_To do_
Pictures must not appear; the answer is exactly the lines from the one that holds "- Musik macht" through the end of the material.

_Information shown_

[Start of Attachment]

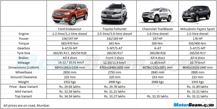 All cars are offered with an automatic transmission but it is the TrailBlazer which does not get a manual gearbox. The Fortuner gets only front disc brakes while all other SUVs get all four disc brakes. In terms of ground clearance, the Pajero Sport has the least at 215 mm while the TrailBlazer has the most ground clearance, standing at 253 mm. The Endeavour is available with a very useful Terrain Response System too. All four SUVs have more or less similar levels of fuel efficiency but the Endeavour 2.2 has a marginally better number than the other three.
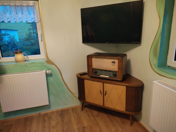 - Musik macht ein Röhrenradio, an dem Du auch Dein Handy über die Kopfhörerbuchse anschliessen kannst.
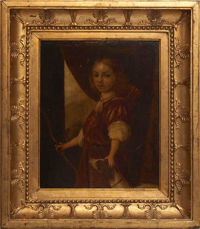 Dreiviertelsportrait eines höfisch gekleideten Knaben mit Köcher und Bogen

[End of Attachment]

_Exercise response_
 - Musik macht ein Röhrenradio, an dem Du auch Dein Handy über die Kopfhörerbuchse anschliessen kannst.
 Dreiviertelsportrait eines höfisch gekleideten Knaben mit Köcher und Bogen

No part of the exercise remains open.